In membrane-enriched fractions, the band corresponding to the mature TREM2 isoform was of the strongest intensity (Fig. 2A). The immature fragment was detected strongly in CN and ANI samples, but less intense in the MND samples; the CTF isoform was not prominent in these images (Fig. 2A). The intensity of total TREM2 bands in membrane-enriched fractions was less visible among HIV+ cases diagnosed with HAND, particularly MND cases (Fig. 2A).

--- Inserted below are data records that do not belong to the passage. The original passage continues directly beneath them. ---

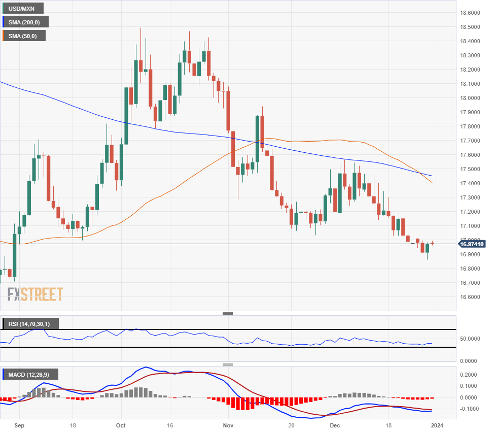 The Mexican Peso (MXN) continued to climb through the penultimate trading day of 2023 before falling once more as broad-market US Dollar flows dictate the general direction of the FX market. A thin trading week between two market holidays is seeing some rough chop as speculators churn USD flows in thin market volumes to round out the 2023 trading year.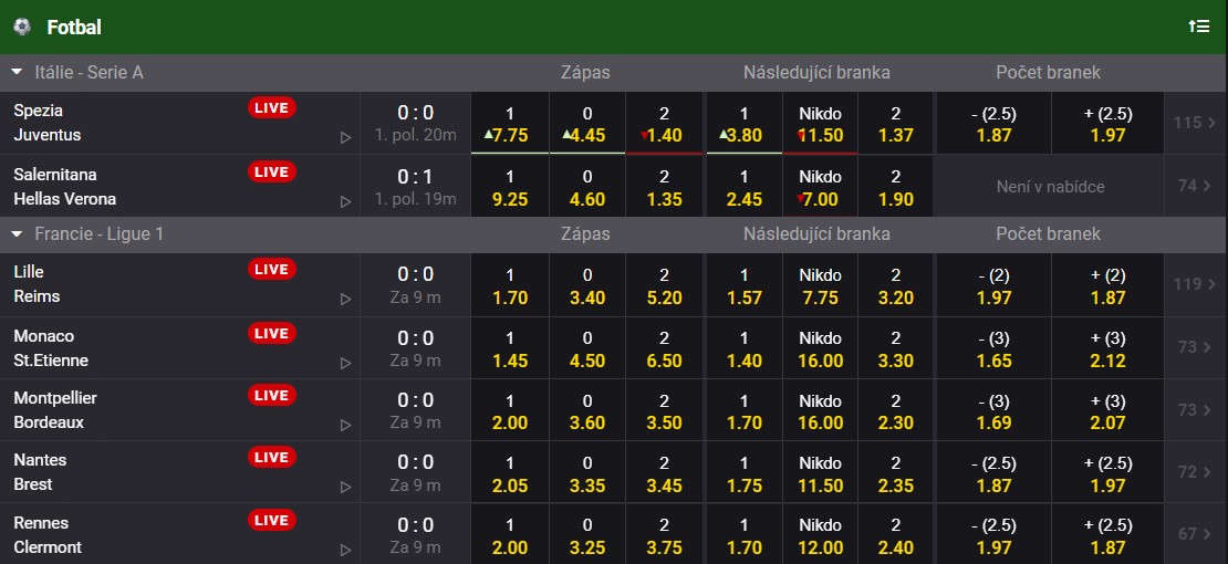 V rámci sekce LIVE krom probíhajících zápasů se budou nacházet v nabídce i fotbalová, hokejová a tenisová utkání. Zápasy, které ještě nebyly rozehrány, se budou v sekci LIVE nacházet s aktuálním skóre 0:0 s přesným termínem jeho začátku, tak jak můžete vidět níže. Italská první liga již probíhá a zápasy z Ligue 1 teprve začnou na 9 minut.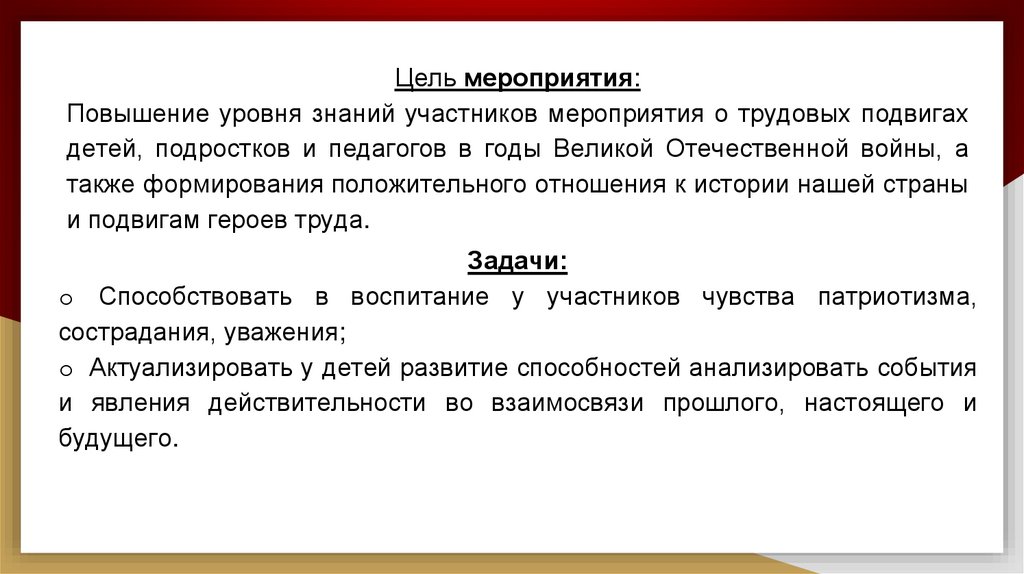 Цель мероприятия:Повышение уровня знаний участников мероприятия о трудовых подвигах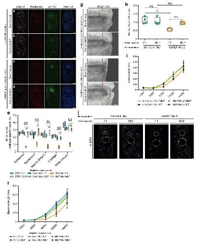 Extended Figure 8. AxMLP is necessary for initial cell proliferation during tail regenerationa-d, Representative transverse sections of the morpholino electroporated/protein injected blastemas that were used for quantification of BrdU incorporation in Fig. 4d. Rhodamine was co-injected with the protein samples. e, Quantification of BrdU+ cells in blastema sections of morpholino electroporated/protein injected tails at 3 dpa (n=4: biological replicates; center values as median; points represent each sample). f, The length of the blastema during tail regeneration. The data at 6 dpa was plotted in Fig. 4c. By 14 days the difference in total regenerate length among the samples was not statistically significant. g-j, The same experimental scheme (shown in Fig. 4a) as was used for AxMLP morpholino 1 was implemented for a second specific morpholino (AxMLP-specific morpholino 2). g, Brightfield images of the morpholino 2 electroporated/protein injected tails at 6 dpa. h, Blastema length at 6 dpa (n=4: biological replicates; center values as median; points represent each sample). i, The length of the blastema during tail regeneration. The data at 6 dpa was plotted in h. j, Transverse sections immunostained for BrdU from morpholino electroporated/protein injected tails at 3 dpa. AxMLP specific morpholino 2 combined with flow-through (FT) injection shows reduction of BrdU incorporation, whereas AxMLP protein injection rescues the phenotype. The corresponding five-mismatch control morpholino does not affect BrdU incorporation. NS, not significant, **P<0.005, ***P<0.0005, ****P<0.00005 with Student’s t-test. Bars in a-d,j, 200 μm; in g, 500 μm. Red bars in g, indicating amputation planes. Dashed lines in g, delineate the shape of the mesenchymal blastema. Yellow circles in j, indicating spinal cord (top) and notochord/cartilage (bottom), respectively. |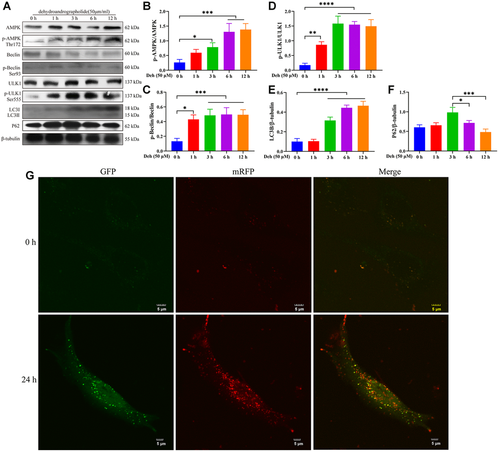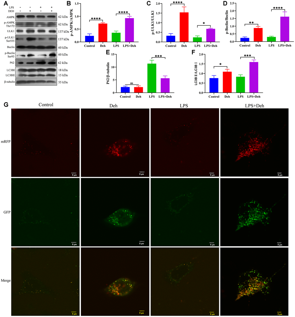 Previous results showed that Deh activates autophagy through the AMPK signaling pathway [21]. To verify that autophagy plays an important anti-inflammatory role in Deh, we next tested whether Deh promoted autophagy in an inflammatory response model of EpH4-Ev cells. We detected the protein levels of p-AMPK, p-Beclin, p-ULK1, P62, LC3B and autophagic flux in the EpH4-Ev cell inflammatory response model. The results showed that the protein levels of p-AMPK, p-Beclin, p-ULK1 and LC3B in the Deh and Deh + LPS groups were significantly upregulated, and p62 was significantly downregulated (Figure 8A–8F). The autophagic flux in the Deh and Deh + LPS groups was also significantly enhanced (Figure 8G).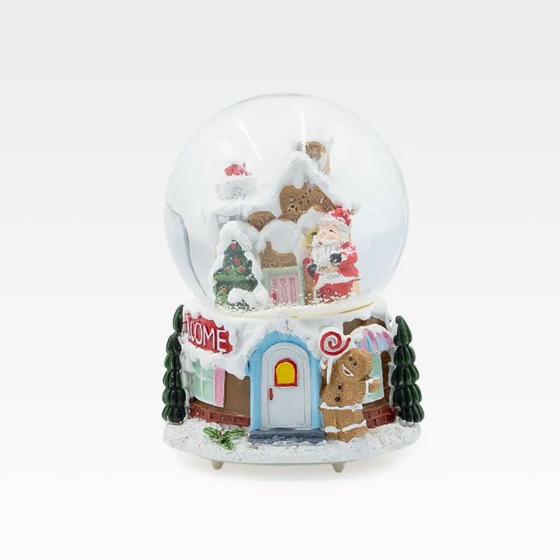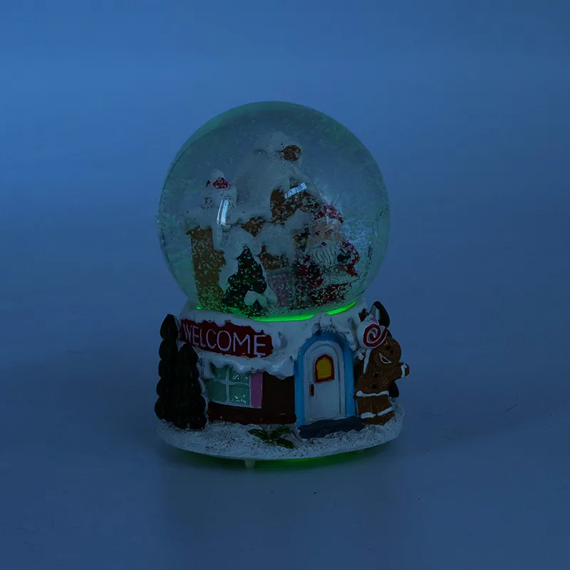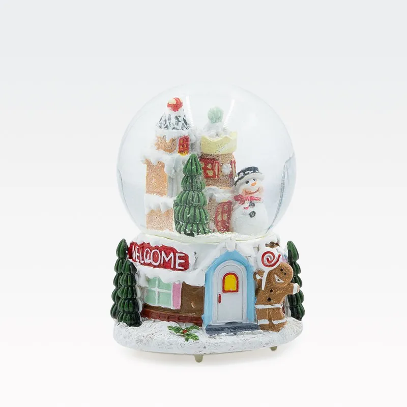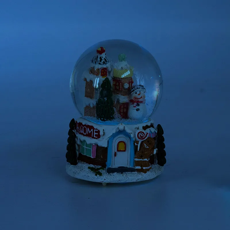 Snežna krogla, zasnežena hišica iz sladkarij, z LED lučko, ter glasbo, polimasa, 9x9x12cm, sort.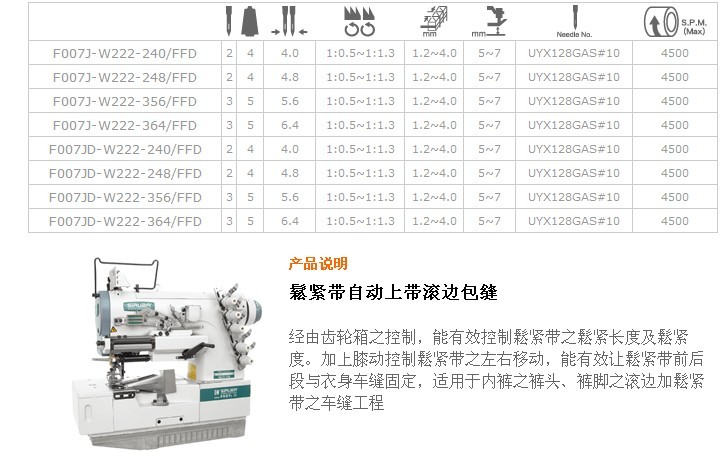 F007J-W222,F007JD-W222 鬆緊帶自動上帶滾邊包縫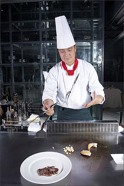 点了一份牛排套餐,里边有美国西冷牛排、煎明虾、法式煎鹅肝和银鳕鱼,看来这里是按照法式风格来配餐。首先登场的是俄罗斯黑鱼子酱、煎鹅肝蒸蛋,用小勺子轻搅盛入口中,那种香、滑、爽、甘的感觉让你禁不住眉飞色舞。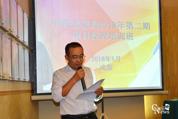 典礼开始第一项议程,我校土木工程学院院长助理占玉林老师首先致辞,并代表土木工程学院热烈欢迎中铁北京局各位领导和学员莅临我校。占玉林老师首先介绍了西南交通大学的基本情况以及一校两地三校区的办学格局,接着重点给各位项目经理介绍了土木工程学院的历史沿革以及当前的办学条件。他表示,土木工程学院是西南交通大学创一流示范性改革的重点学院以及排头兵,开办此次培训班是土木学院加强社会服务扩大学院影响力的重要举措,感谢中铁北京局对bat365中文官方网站的信任。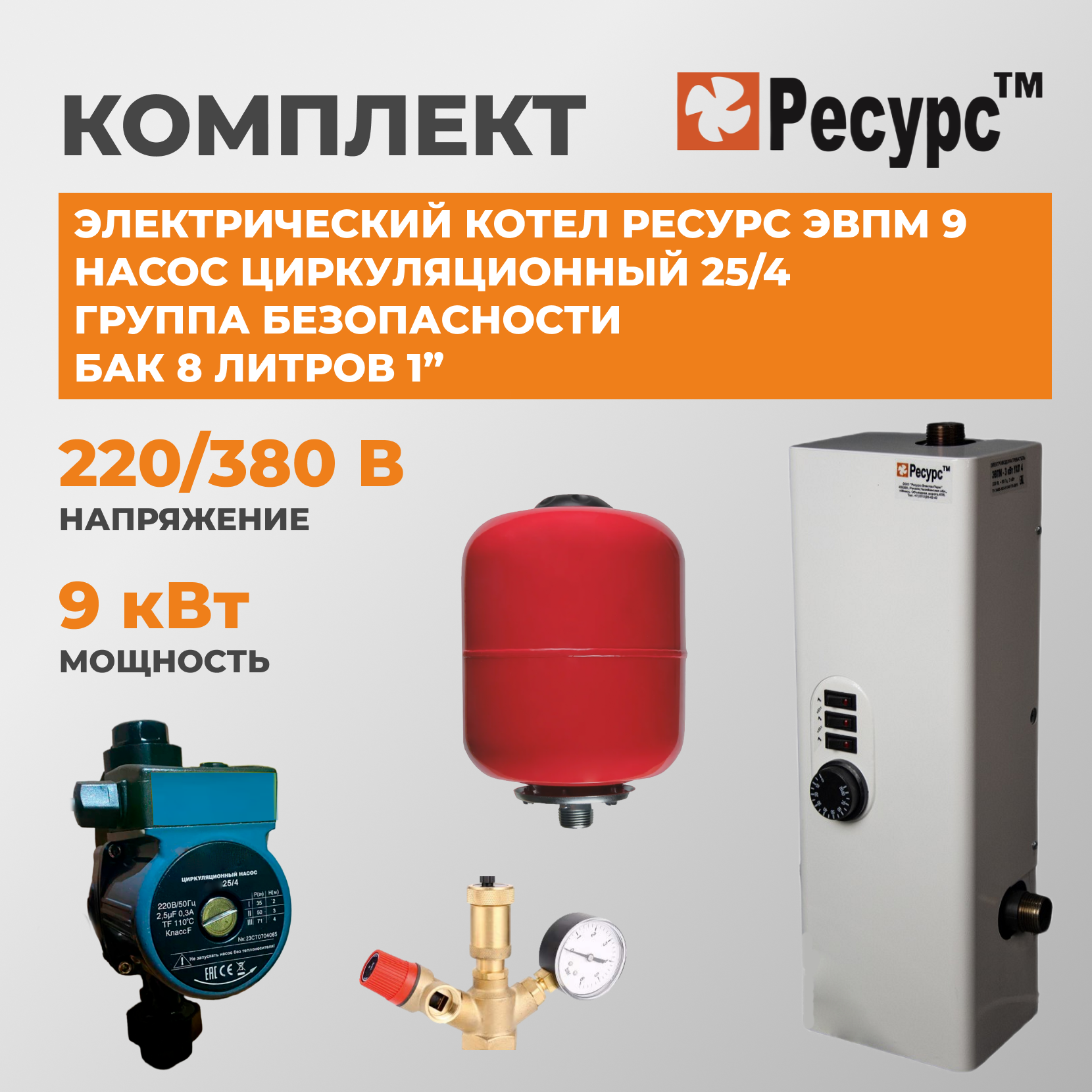 Котел электрический Ресурс ЭВПМ 9 кВт, комплект, насос 25/4, Группа безопасности, Бак 8 литров информация:

Similar to the soluble-enriched fractions, TREM2 alterations were more robust in the Hispanics (left two lanes of each cognitive group) compared to the non-Hispanics in this cohort (Fig. 2A). Densitometry analysis of total TREM2 band intensity revealed significant decreases in HIV+ MND cases compared to CN (Fig. 2B). Interestingly, in Hispanic donors total TREM2 signal detected in brains from MND donors was significantly reduced compared to TREM2 levels in HIV+ Hispanic donors that were diagnosed as CN (Fig. 2C). In brain lysates from non-Hispanic donors, total TREM2 levels were significantly elevated in the ANI cases compared to CN cases, but TREM2 levels in MND cases were not altered compared to CN cases (Fig. 2D). The ratio of the intensity of the immature:mature TREM2 signal trends toward increasing in ANI compared to CN (p=0.09) when all cases were analyzed together (Fig. 2E). In Hispanic cases, the ratio of the intensity of the immature:mature TREM2 signal trends toward increasing in ANI compared to CN (p=0.07) (Fig. 2F). In the non-Hispanic cases, however, the ratio of the intensity of the immature:mature TREM2 signal is significantly (p<0.01) increased in MND compared to CN (Fig. 2G). In all HAND cases, the intensity of the CTF is not changed between the cognitive groups (Fig. 2H–J).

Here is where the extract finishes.